### Data section
········
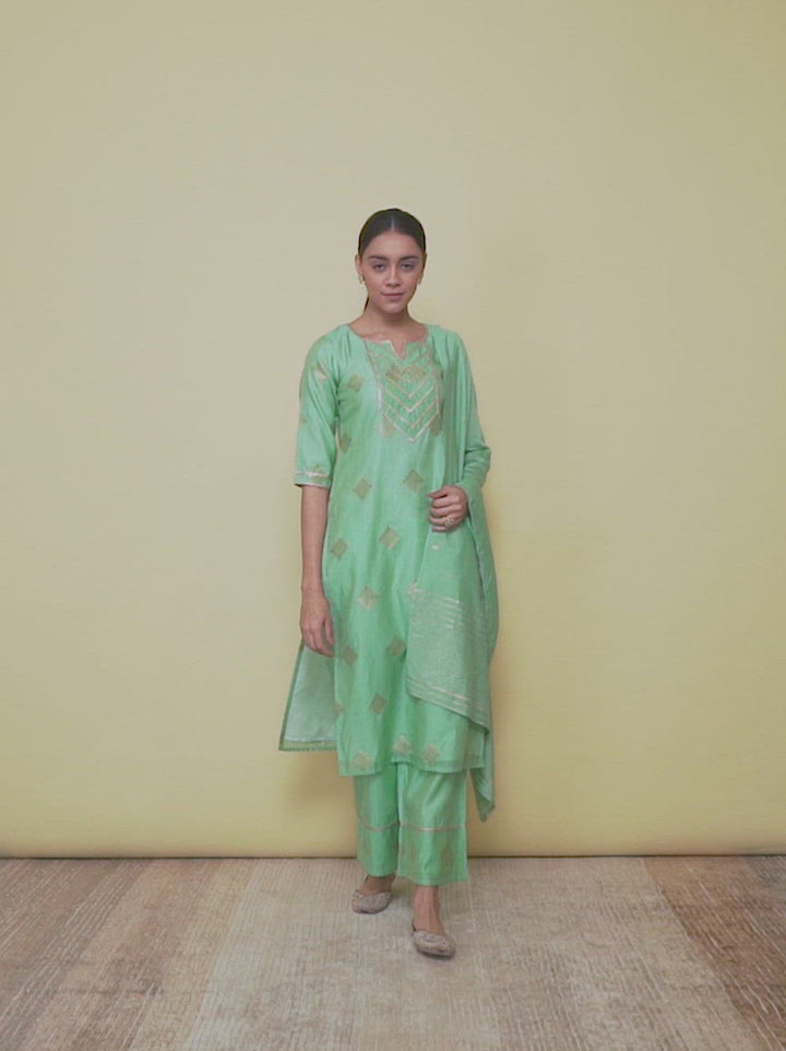 This 3-piece suit set includes our mint green round neck straight kurta, straight palazzo pants and a matching dupatta. Featuring a striking yoke crafted with a notched neckline and detailed with tinted motifs and Gota Patti details. Ideal for festive celebrations.
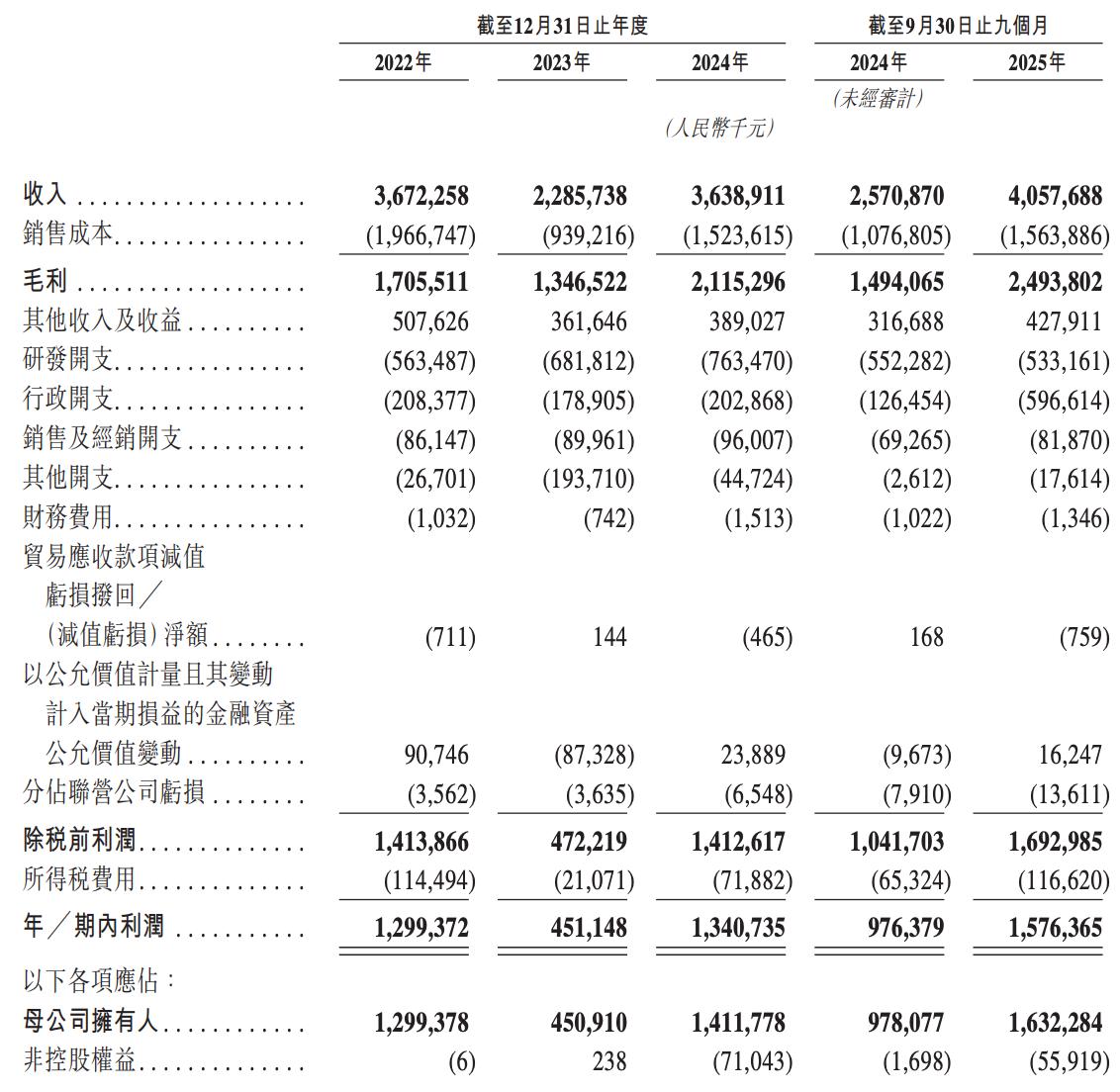 业绩方面,2022年、2023年、2024年度和2025年前九个月(前三季度),澜起科技的营收分别约为36.72亿元、22.86亿元、36.39亿元和40.58亿元,净利润分别约为12.99亿元、4.51亿元、13.41亿元和15.76亿元。
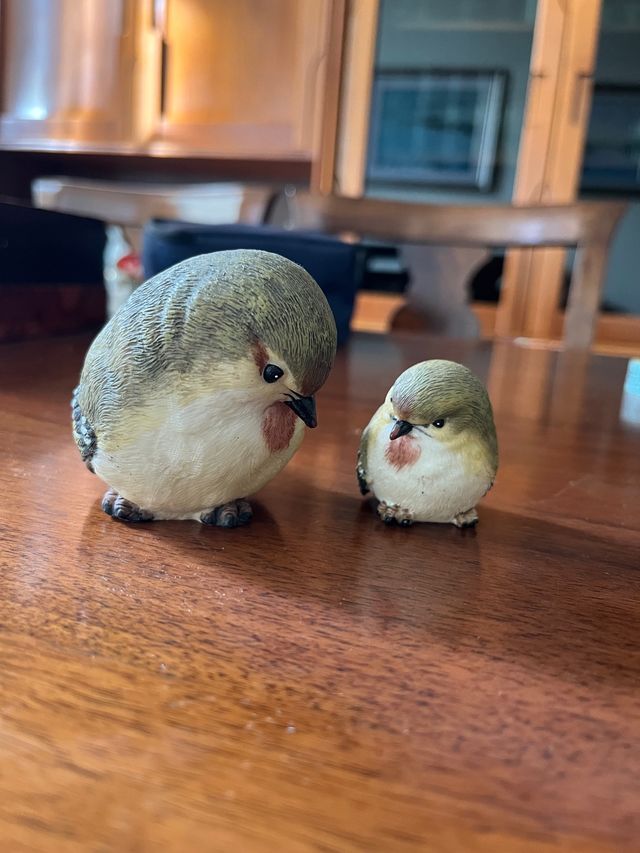 Soprammobile rappresentante 2 uccellini, il più grande di circa 7 cm di altezza e il più piccolo di circa 4, in gesso
········
### What you have to do
Keeping every word as it is, write out all the data and omit the pictures.

### Written answer
 This 3-piece suit set includes our mint green round neck straight kurta, straight palazzo pants and a matching dupatta. Featuring a striking yoke crafted with a notched neckline and detailed with tinted motifs and Gota Patti details. Ideal for festive celebrations.
 业绩方面,2022年、2023年、2024年度和2025年前九个月(前三季度),澜起科技的营收分别约为36.72亿元、22.86亿元、36.39亿元和40.58亿元,净利润分别约为12.99亿元、4.51亿元、13.41亿元和15.76亿元。
 Soprammobile rappresentante 2 uccellini, il più grande di circa 7 cm di altezza e il più piccolo di circa 4, in gesso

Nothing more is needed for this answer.